Hard labor, fortitude, sacrifice, money, ambition, hope and love have gone into getting these children ready for school. Online statistics are contradictory as to percentages of attendance, literacy, languages taught and spoken and, indeed, Haitian statistics altogether must be questioned because isolated populations go uncounted. Where are the other children we remember? Little boys, half naked, rubbing their distended bellies, tinges of red (which signals malnutrition) in their hair sometimes, begging for ti cob. Are there any ti cob left? There’s never any change. There never was. Stingy and ugly they said we were. Gran gou was their problem. They were hungry, hadn’t eaten in 3 days.Their toys were hoops, the inner rims of bicycle wheels, spun along with any old piece of wire, a coat hanger; any stand in for a soccer ball would do, anything a kid could kick, not necessarily round.

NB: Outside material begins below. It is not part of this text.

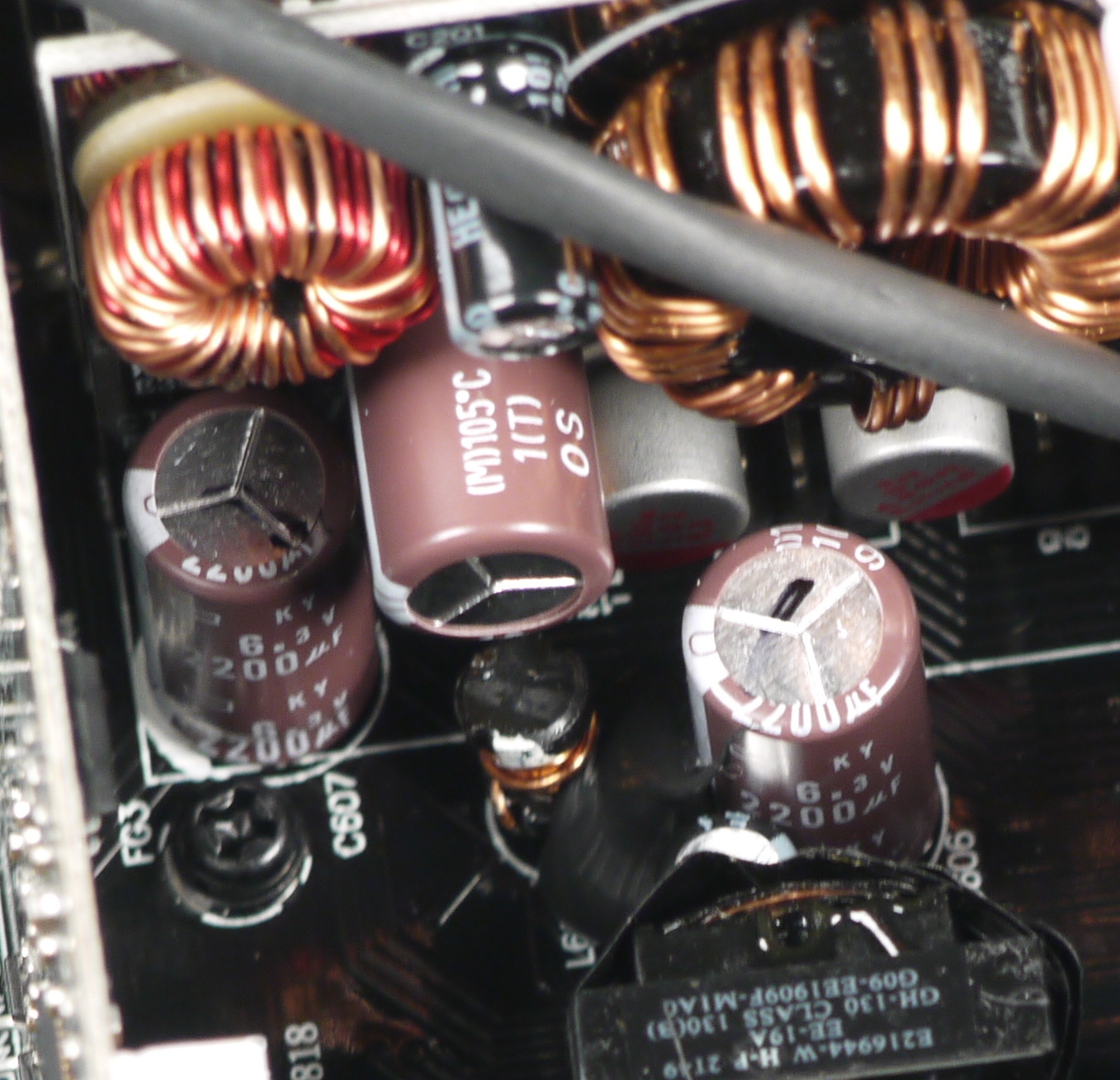 Конденсаторы в блоке питания имеют японское происхождение. В основной массе это продукция под торговыми марками Nippon Chemi-Con и Nichicon. Установлено и большое количество полимерных конденсаторов. Подобная комбинация обычно соответствует устройствам высокого уровня.

Have they have died of AIDS, TB, cholera, malaria? Were they killed in the 2010 earthquake? It seems much more likely that they still exist in one of Haiti’s famous slums, in La Saline or Cité Soleil, in a tent city somewhere, in flimsy houses jam packed into a hillside where before there was nothing but vegetation.
What lingers is a sense that they, the child beggars we remember and other riffraff, are not welcome here, not in this neighborhood, where people seem focused, intent, purposeful, forward-looking, which might be Bois Verna, Canapé Vert, Pacot, or Turgeau, half the time we don’t know where we are because of abrupt switches and back switches our driver makes to avoid traffic jams. A sense of walling in and walling out. A sense of populations cleaned up, or swept away. As though a directive has gone out: put them in uniform: school children, servants, hotel clerks and waiters, chauffeurs, airport employees, armed security. The high-rise Marriott lobby buzzes, just like Singapore, Elizabeth says, but the pool is half full and freezing, the changing room has a peculiar smell, the gateway to the street is padlocked, operated by hand. Haiti carries privatization to extremes: no public toilets, drinking water, education, or police protection, health care, garbage collection, street cleaning, maintenance of any kind. Nothing for the people. No government.
No memory. No one remembers what we remember. The building of a flour mill, which ruined our father’s business. The “bloodless coup” which brought down President Magloire. The songs and slogans broadcast on sound trucks, of Duvalier, Jumel, Fignolé, and Déjoie, candidates who followed hard upon. Duvalier’s election, ensuing reign of terror and attempt to create a dynasty, all of this and more, much more, has now become the fuzzy “past,” subsumed in the phrase “a long time ago,“ clearing the path for TTMs and their descendants, for Baby Doc and his, to return, already beginning to happen, according to the owner of Cyvadier Plage Hotel in Jacmel.
We don’t need books, we don’t need television. Talking over Haiti’s problems is quite enough to fill our evenings. This has happened before and is more than the result of strong coffee after dinner. Millions, perhaps billions, of dollars have been dumped here, but Haiti stays the same
Or gets worse. Despite computers and cell phones, tall buildings, escalators, street addresses (so necessary to GPS), plastic bags, and styrofoam boxes, Haiti remains intractable, out of this world, just as it was when we arrived here almost 70 years ago. An oddly comforting thought, fellow to the hideous irony that the country would be better off in every material way if Haiti had not fought its glorious revolution against the French. Compare Martinique and Guadeloupe.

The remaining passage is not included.